Bitcoin soared to $24,000 for the first time in August, shortly before financial markets assess a high-profile reading of US inflation this week.
Bitcoin added as much as 4% to $24,191.55, blasting above that milestone for the first time since July 31. The largest cryptocurrency by market cap has been grappling with a so-called crypto winter since November that dragged its price down by roughly 50% in 2022.
The world’s most valuable cryptocurrency added percentage points on Monday as US stocks moved higher before turning choppy and as US Treasury yields pulled back.
“Oil prices have weakened again, and this is providing drag on bond yields, which is supporting the likes of silver, bitcoin, Swiss franc, and Japanese yen – currencies and commodities that carry very low or zero yield,” Fawad Razaqzada, market analyst at Forex.com, said in an early Monday note.

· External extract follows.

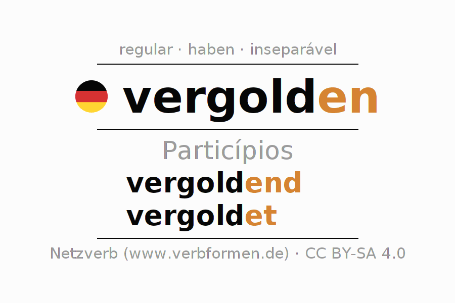 O verbo vergolden é totalmente conjugado em todas as pessoas e números no Particípio Presente Perfeito
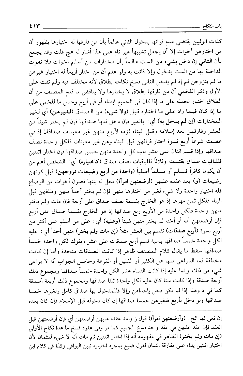 كذات الوليين يقتضي عدم فواتها بدخول الثاني عالمًا بأن من فارقها له اختيارها بظهور أن من اختارهن أخوات إلا أن يجعل تشبيهًا غير تام على هذا أشار له عج قلت وقد يجمع بأن الثاني إن دخل بشيء من الست عالمًا بأن مختارات من أسلم أخوات فلا تفوت الداخلة بها من الست بدخول وإلا فاتت به ولو علم أن من اختار أربعًا له اختيار غيرهن ما لم يتزوجن ثم إذ لم يدخل الثاني فسخ نكاحه بطلاق لأنه مختلف فيه ولم تفت على الأول وذكر اللخمي أن من فارقها بطلاق لا يختارها ولا يناقض ما قدم المصنف من أن الطلاق اختيار لحمله على ما إذا كان في الجميع ابتداء أو في أربع وحمل ما للخمي على ما إذا كان فيما زاد على ما اختاره قبل (ولا شيء) من الصداق (لغيرهن) أي لغير المختارات (إن لم يدخل به) أي: بالغير فإن دخل فلها صداقها فإن لم يختر شيئًا من العشر وفارقهن بعد إسلامه وقبل البناء لزمه لأربع منهن غير معينات صداقان إذ في عصمته شرعًا أربع نسوة اختار فراقهن قبل البناء وهن غير معينات فلكل واحدة نصف صداقها وإذا قسم اثنان على عشر ناب كل واحدة منهن خمس صداقها فإن اختار اثنتين فللباقيات صداق يقتسمنه وثلاثًا فللباقيات نصف صداق (كاختياره) أي: الشخص أعم من أن يكون كافرًا فيسلم أو مسلمًا أصليًّا (واحدة من أربع رضيعات تزوجهن) قبل كونهن رضيعات (و) بعد عقده عليهن (أرضعتهن امرأة) يحل له بنتها فصرن أخوات من الرضاع فله اختيار واحدة ولا شيء لغير من اختارها منهن فإن لم يختر أحدًا منهن وطلقهن قبل البناء فلكل ثمن مهرها إذ هو الخارج بقسمة نصف صداق على أربعة فإن مات ولم يختر منهن واحدة فلكل واحدة من الأربع ربع صداقها إذ هو الخارج بقسمة صداق على أربع فإن أرضعتهن أمه أو أخته لم يختر منهن شيئًا (وعليه) أي: على من أسلم على أكثر من أربع نسوة (أربع صدقات) تقسم بين العشر مثلًا (إن مات ولم يختر) منهن أحدًا أي: عليه لكل واحدة خمسًا صداقها بنسبة قسم أربع صدقات على عشر وبقولنا لكل واحدة خمسًا صداقها سقط ما يقال كلام المصنف ظاهر إذا كانت الصدقات متحدة وأما إن كانت مختلفة فما المراعي منها هل الكثير أو القليل أو القرعة وحاصل الجواب أنه لا يراعى شيء من ذلك وإنما عليه إذا كانت النساء عشر الكل واحدة خمسًا صداقها ومجموع ذلك أربعة صدقة وإذا كانت ستًّا كان عليه لكل واحدة ثلثا صداقها ومجموع ذلك أربعة أصدقة كما في د وهذا إذا لم يكن دخل بإحداهن وإلا فللمدخول بها صداق كامل ولغيرها خمسا صداقها ولو دخل بأربع فلغيرهن خمسا صداقها إن كان دخوله قبل الإسلام فإن كان بعده

US Treasury yields plunged Monday after Friday’s rally amid the unexpectedly strong July payrolls report. The US economy added 528,000 jobs last month, highlighting potential inflation pressures at a time the Federal Reserve has been ramping up interest rates to cool consumer prices.
Yields plummeted when prices surged. The 10-year Treasury yield on Monday lost six basis points to 2.77%, and the 2-year Treasury yield fell three basis points to 3.12%.
As of this moment, Bitcoin so has added up more than 3%, on top of its July surge of 19%. The digital coin gained ground last week following news that Coinbase is teaming up with asset manager BlackRock to help some of its clients gain greater exposure to cryptocurrencies, starting with bitcoin.
Investors in bitcoin and other markets are waiting for a fresh read on US consumer price inflation due Wednesday from the Bureau of Labor Statistics. The July report may show headline inflation cooling to 8.7%, according to an Econoday consensus estimate. The CPI rose to 9.1% in June, the fastest inflation rate since November 1981, paced by food and energy increases.